Nothing that I am about to relay to you will surprise you in light of what we already know about America’s response to the Coronavirus pandemic. We know, for instance, that as early as January, Donald Trump knew how deadly the Coronavirus was but he downplayed it because — he said — he didn’t want to create a panic, when in reality, he didn’t want to spook the markets. We also know that in March, Jared Kushner had coordinated a robust national testing policy that might have prevented an outbreak on the scale that we have since seen, but abandoned it because, he believed, the virus “was going to be relegated to Democratic states.” We also know that in April, the USPS designed a plan to send 5 masks to every household in America, which would have normalized mask-wearing and literally saved tens of thousands of lives. Trump nixed it because he didn’t want to “cause a panic,” when the reality is, no one loves a politically advantageous panic more than Donald Trump.
We are now learning a little more about the government’s initial response to the pandemic, and why exactly we failed harder than almost every other civilized country in the world. Ultimately, again, it was all about politics and blame, and essentially disregarding the well-being of over half the country because their states did not vote for Donald Trump.

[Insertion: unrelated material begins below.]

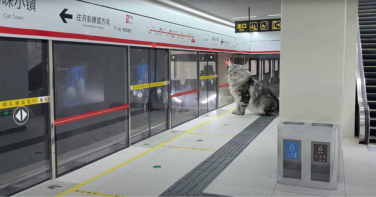 迷你地鐵最可愛的部分,是它不是靜態模型,而是一個需要被使用的空間,邢志磊花了不少時間訓練貓咪熟悉月台、上下車、穿越出口,讓牠們可以安心「佔領」地鐵站。影片裡,貓咪小心翼翼踏上手扶梯,探頭研究月台邊界,甚至出現像「困惑的貓咪列車長」之類的名場面。對他來說,設計這些空間並非炫技,而是將生活中的基礎設施重新想像成寵物友善的娛樂場域,過去兩年,他已經為貓咪建造泳池、私人小島、超市、電影院等,但這次的地鐵站是他至今最複雜的作品。

As reported by Vanity Fair, on March 20th, Jared Kushner met with a large group of officials at the Federal Emergency Management Agency, as well as a number of leaders from private industries. During that meeting, they again came up with a strategy to collect and manufacture (using the Defense Production Act) masks, gloves, and other personal protective equipment and distribute them wherever there were shortages. At the time, most of those shortages were in New York City, home to over one-third of the cases in the United States in March. The private corporations and everyone else in that room were on board with this plan.
Everyone, except Jared Kushner, who was described by some in the room as basically the de facto President as far as decisions were concerned involving the pandemic. Kushner rejected the plan. Why?
“The federal government is not going to lead this response,” he told everyone in the room, while sitting in a chair that was taller than the others in the room. “It’s up to the states to figure out what they want to do. The federal government is not going to lead this response,” he announced… Free markets will solve this. That is not the role of government.”
When someone in attendance mentioned that Andrew Cuomo had said on CNN that they were desperate for supplies, Kushner’s response was dismissive. “That’s the CNN bullshit. They lie.” He then went on to add that “Cuomo didn’t pound the phones hard enough to get PPE for his state … His people are going to suffer and that’s their problem.”
That’s their problem.
I don’t want to harp on this all day, but this has been how Kushner/Trump have governed America over the last four years. “That’s their problem,” when they are referring to anyone who doesn’t benefit Donald Trump politically. Obviously, I’m no fan of the Republican Party, even before Donald Trump, but the two parties used to argue over policy differences. Now they argue over facts. Arguably the most dangerous and toxic thing that Trump has done over the last four years — and the one thing that we may not be able to undo — is violently pit Democrats and Republicans against each other. The country has thrown all common sense out the door. It’s not right vs. wrong. It’s Democrat vs. Republican, and the GOP is literally willing to risk their own lives and the lives of hundreds of thousands of others to take a side opposing the Democrats, even when the Democrats are right. I mean, when a 17-year-old kills two people with a semi-automatic rifle and you find yourself defending his actions, you have to wonder where the hell things went wrong.
I’d like to think that Democrats are above that, that if Trump had followed through on the above plans and pushed masks and federal lockdowns, that we’d have embraced masks, and lockdowns, and science, but it’s almost impossible for me to envision an America in which both sides agree on something even as sensible Twizzlers over Red Vines (obviously). It’s hard for me to imagine a country where I don’t hate Republicans, and they don’t hate Democrats, and where the two sides take opposite positions not out of reason, but out of spite. I can’t imagine a worse scenario than having a President who is outright hostile toward the well being of roughly 60 percent of the country, who only serves those states who vote for him.
I guess we’ll find out how deeply entrenched our divisions are when a vaccine arrives. Obviously, no Democrat is going to accept a vaccine before election day, but if one comes in December or January — as the pharmaceutical companies have suggested — will Democrats take it? If Biden wins, will Democrats take it after his inauguration, and if we do, will Republicans reject the vaccine then? I have no idea. Trump has broken us, and I’m not sure the United States will ever be able to make a decision together again.